(DATA LISTING Opens)
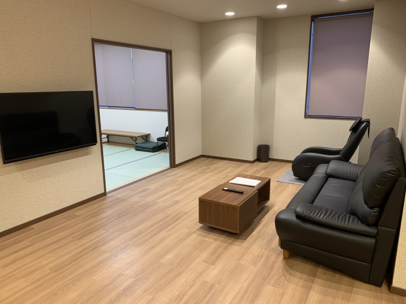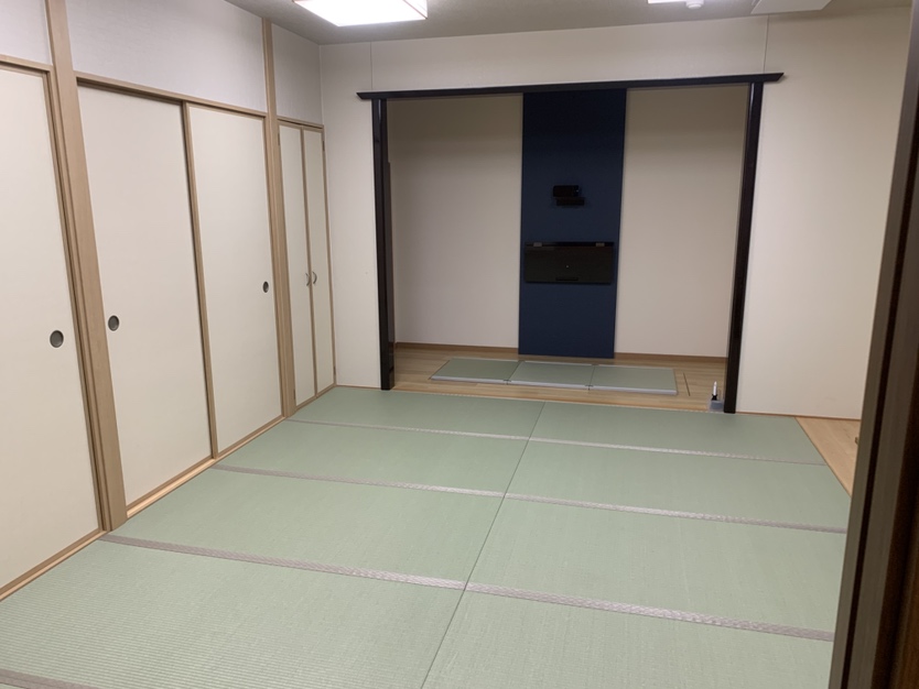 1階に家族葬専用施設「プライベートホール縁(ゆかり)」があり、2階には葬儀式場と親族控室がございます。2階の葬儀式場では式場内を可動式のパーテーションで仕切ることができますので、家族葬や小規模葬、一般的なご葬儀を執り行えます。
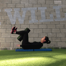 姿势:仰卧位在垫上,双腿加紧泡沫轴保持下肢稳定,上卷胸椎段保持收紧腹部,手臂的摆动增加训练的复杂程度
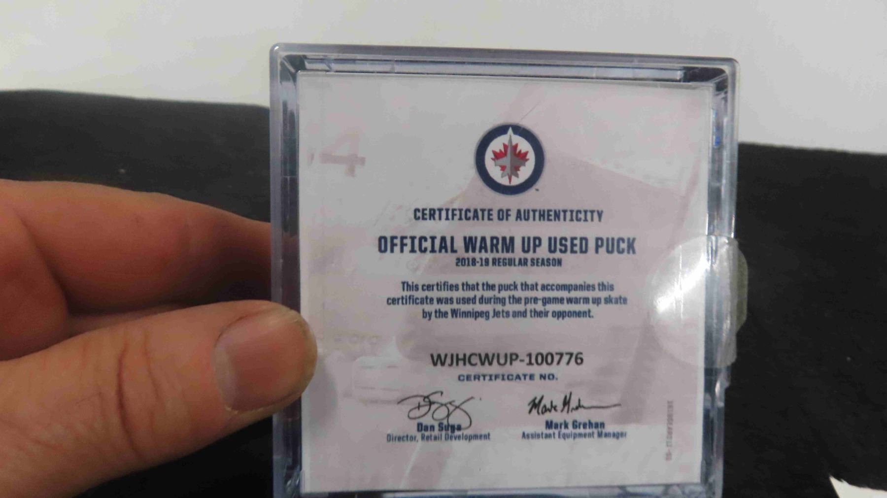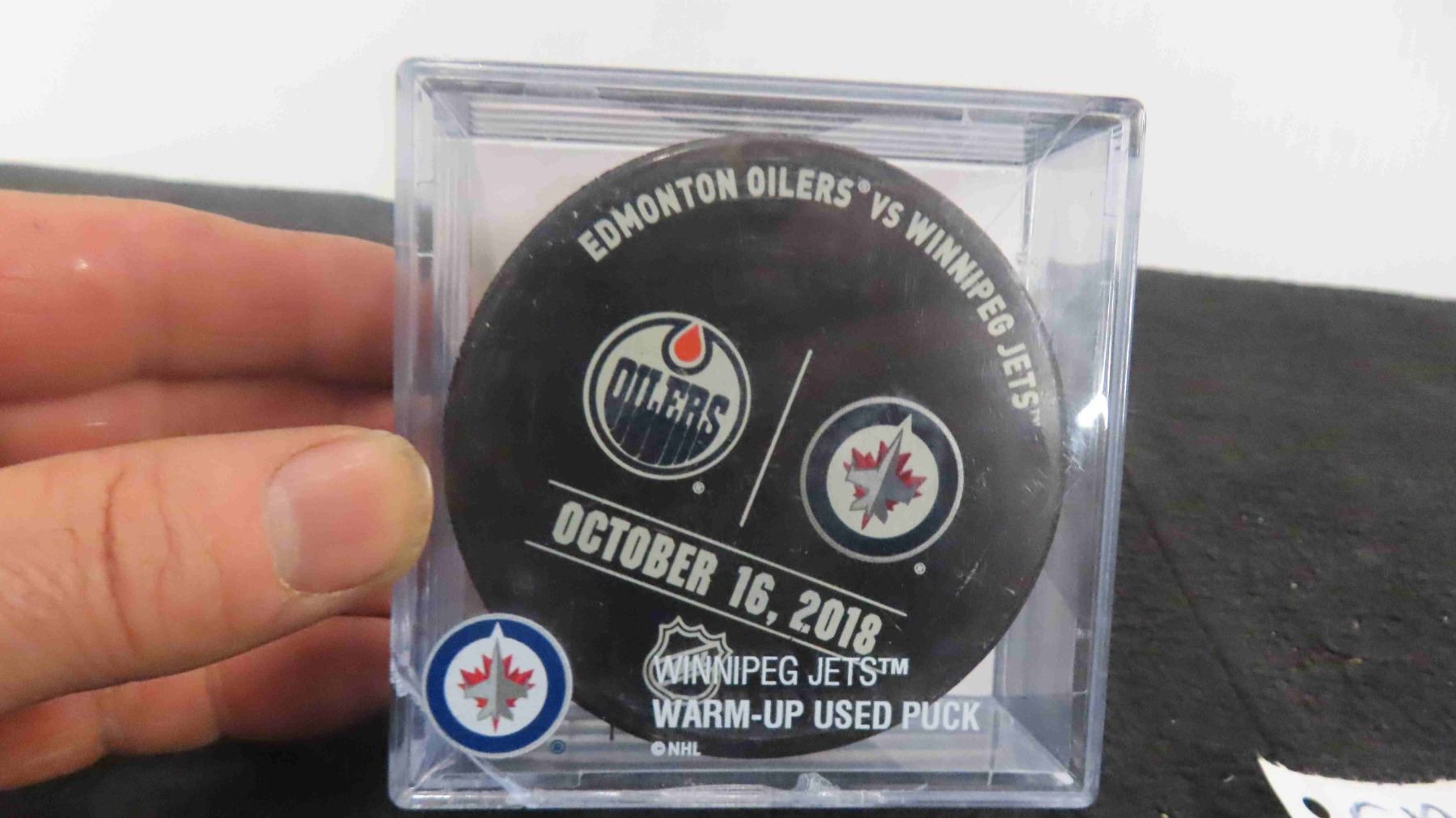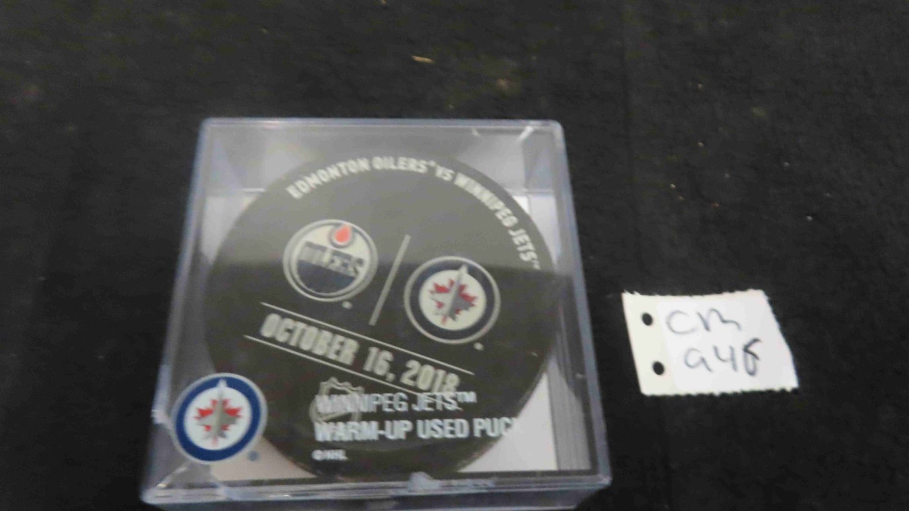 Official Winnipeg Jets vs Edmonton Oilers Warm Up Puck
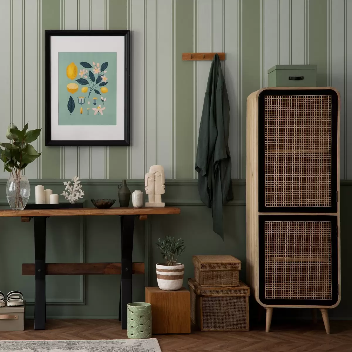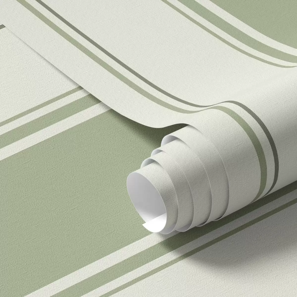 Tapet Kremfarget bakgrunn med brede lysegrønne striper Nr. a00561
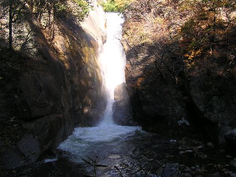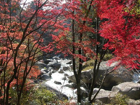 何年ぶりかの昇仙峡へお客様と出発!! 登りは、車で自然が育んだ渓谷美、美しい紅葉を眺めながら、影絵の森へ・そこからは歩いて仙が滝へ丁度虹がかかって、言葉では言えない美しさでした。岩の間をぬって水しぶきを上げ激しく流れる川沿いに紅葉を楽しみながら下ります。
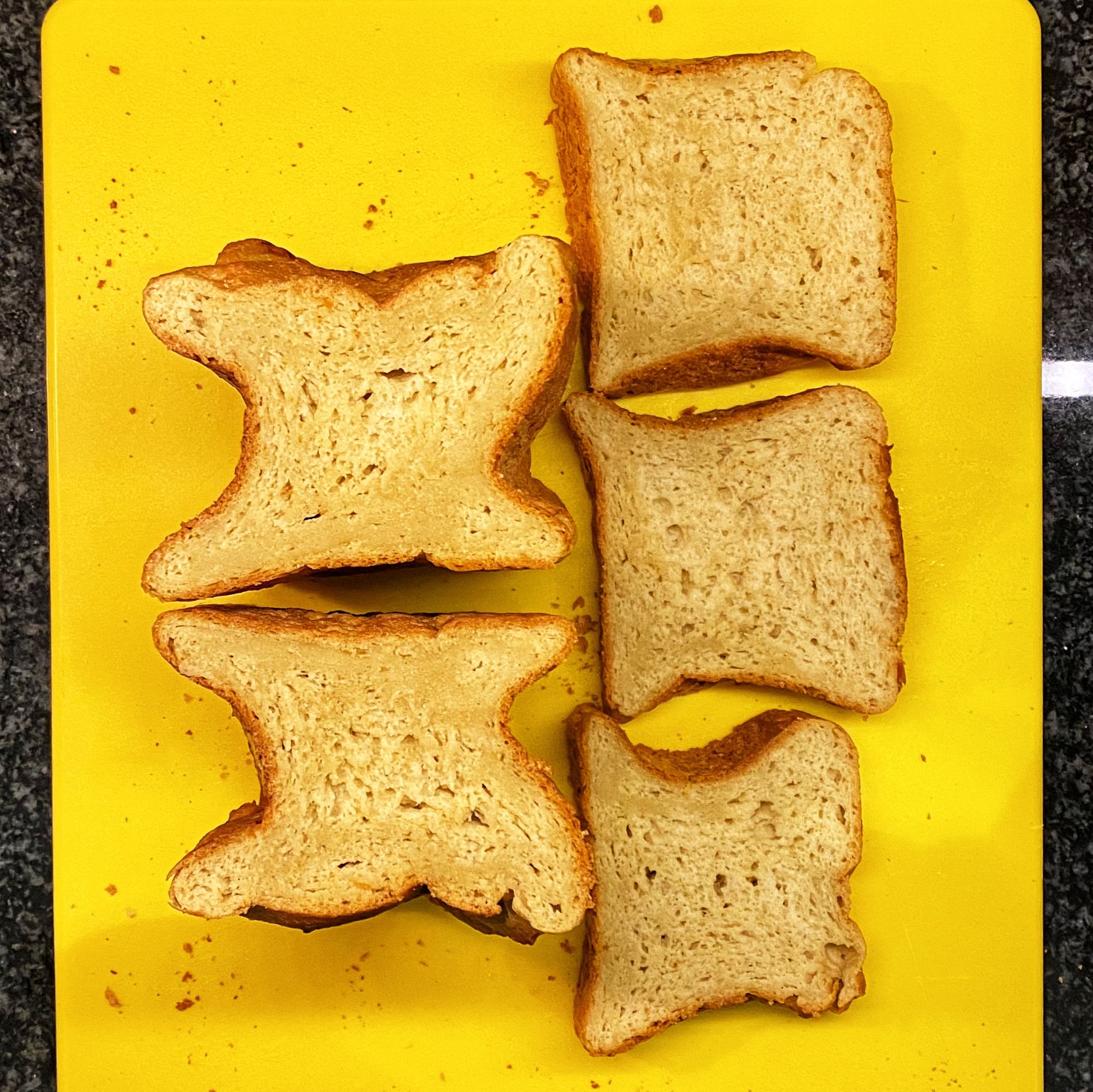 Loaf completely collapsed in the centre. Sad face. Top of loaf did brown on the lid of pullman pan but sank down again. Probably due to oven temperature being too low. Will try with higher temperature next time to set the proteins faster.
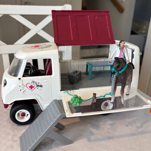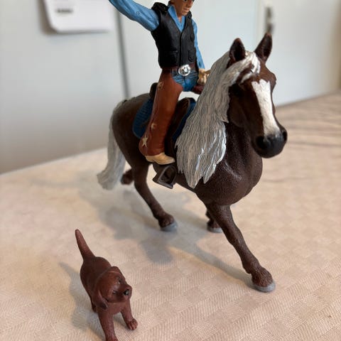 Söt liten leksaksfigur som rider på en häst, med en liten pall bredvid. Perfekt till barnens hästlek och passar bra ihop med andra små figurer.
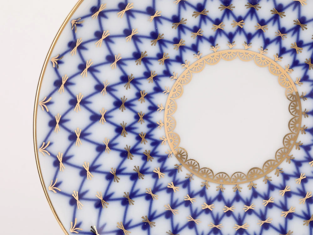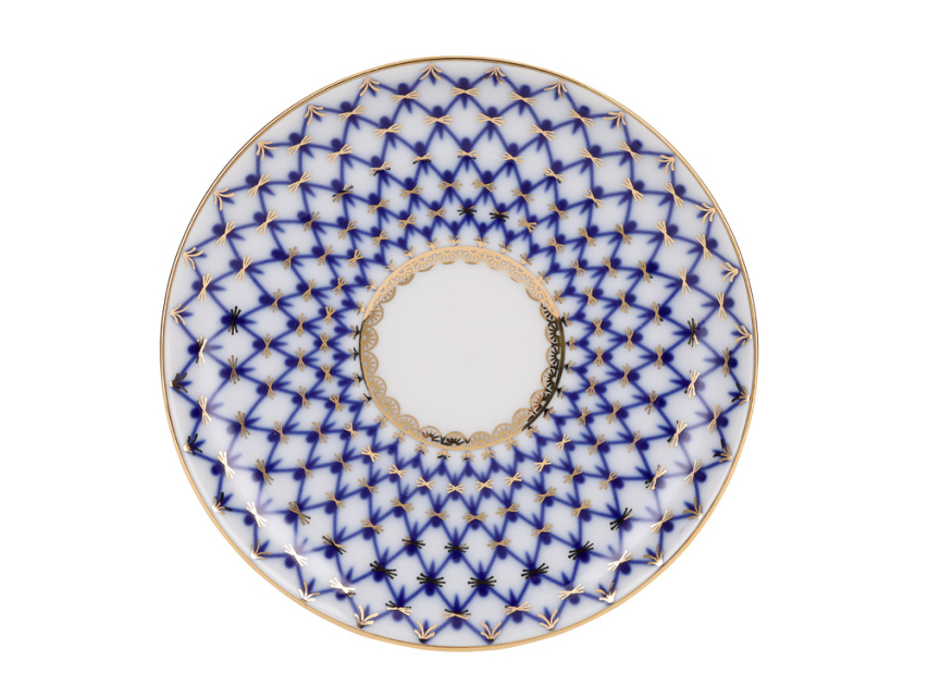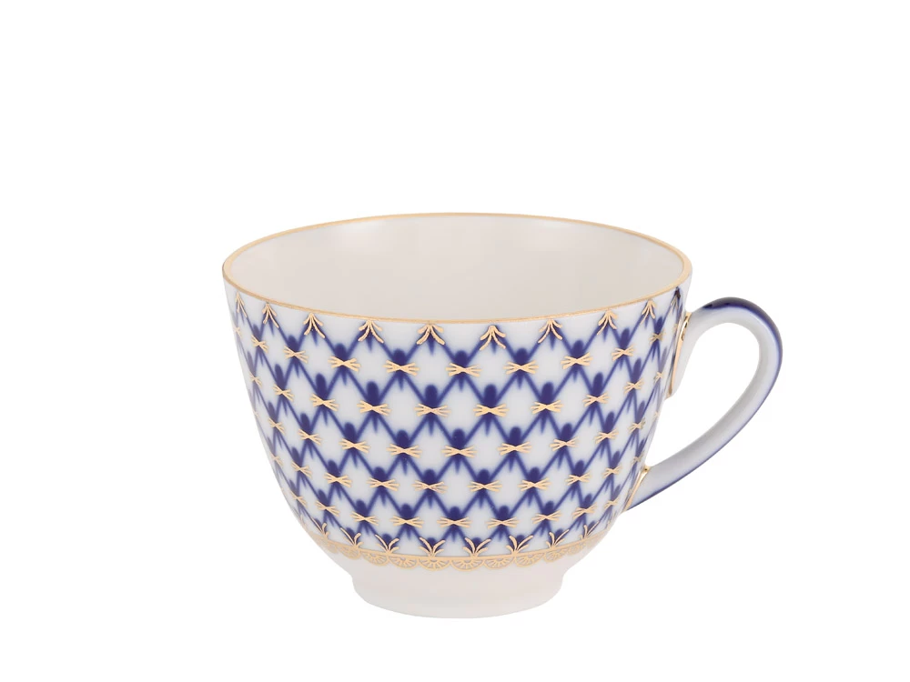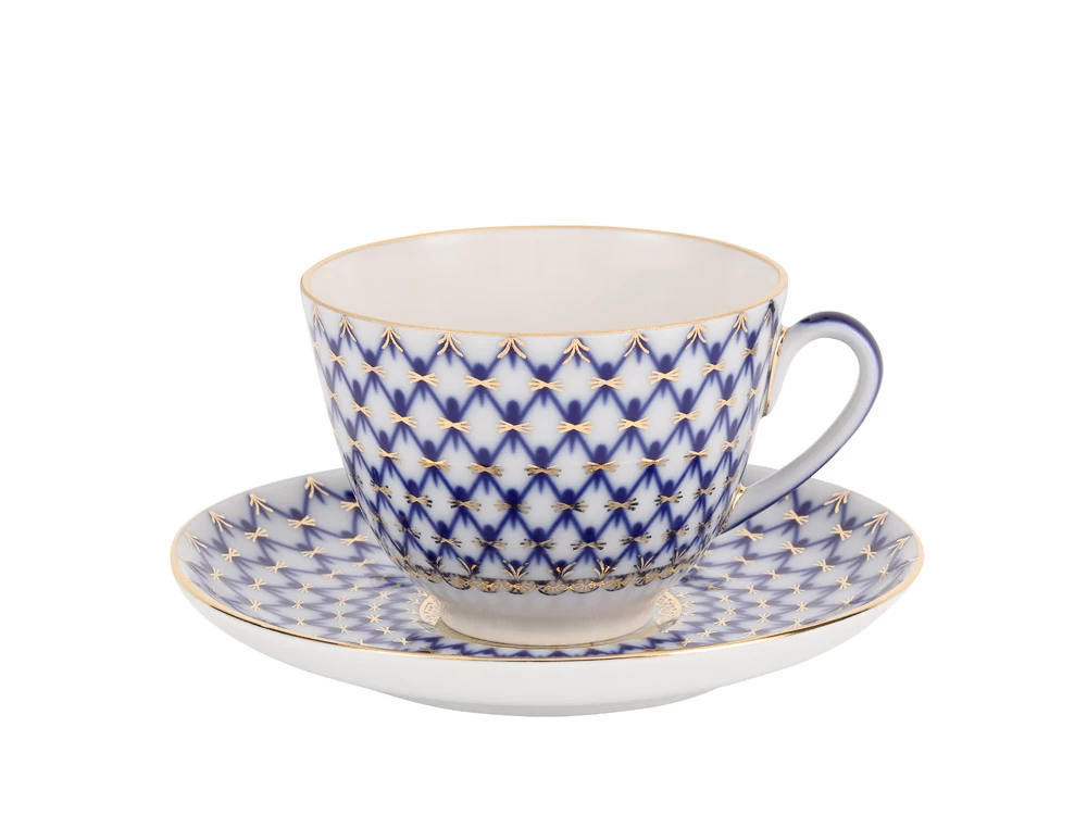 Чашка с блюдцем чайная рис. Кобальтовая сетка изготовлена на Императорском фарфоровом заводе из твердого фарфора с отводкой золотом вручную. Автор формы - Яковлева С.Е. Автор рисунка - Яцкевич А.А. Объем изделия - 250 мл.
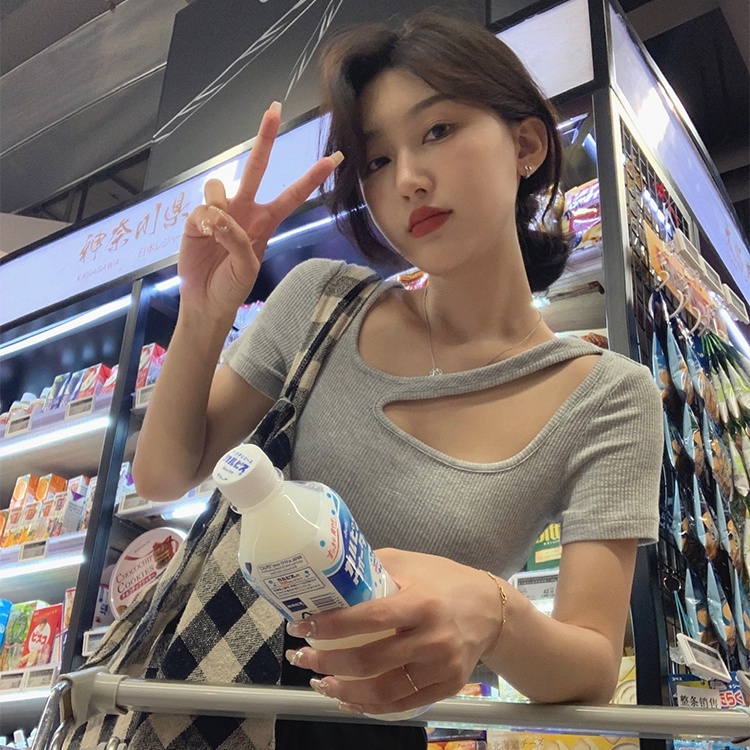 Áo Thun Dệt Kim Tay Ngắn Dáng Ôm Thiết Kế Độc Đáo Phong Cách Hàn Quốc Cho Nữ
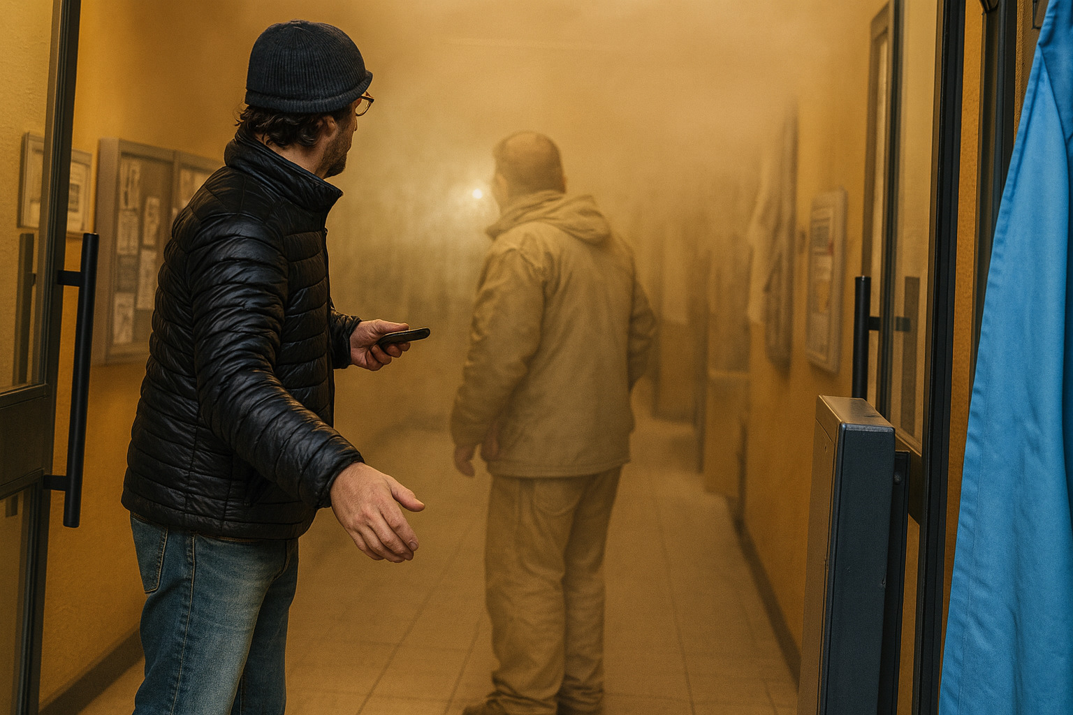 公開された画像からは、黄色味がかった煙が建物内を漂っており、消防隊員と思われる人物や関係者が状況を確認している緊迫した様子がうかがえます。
(DATA LISTING Closes)
Set down again, exactly, every line above from the one with "Tapet Kremfarget bakgrunn" down to the one with "Söt liten leksaksfigur", both ends included. No pictures, and nothing else.

 Tapet Kremfarget bakgrunn med brede lysegrønne striper Nr. a00561
 何年ぶりかの昇仙峡へお客様と出発!! 登りは、車で自然が育んだ渓谷美、美しい紅葉を眺めながら、影絵の森へ・そこからは歩いて仙が滝へ丁度虹がかかって、言葉では言えない美しさでした。岩の間をぬって水しぶきを上げ激しく流れる川沿いに紅葉を楽しみながら下ります。
 Loaf completely collapsed in the centre. Sad face. Top of loaf did brown on the lid of pullman pan but sank down again. Probably due to oven temperature being too low. Will try with higher temperature next time to set the proteins faster.
 Söt liten leksaksfigur som rider på en häst, med en liten pall bredvid. Perfekt till barnens hästlek och passar bra ihop med andra små figurer.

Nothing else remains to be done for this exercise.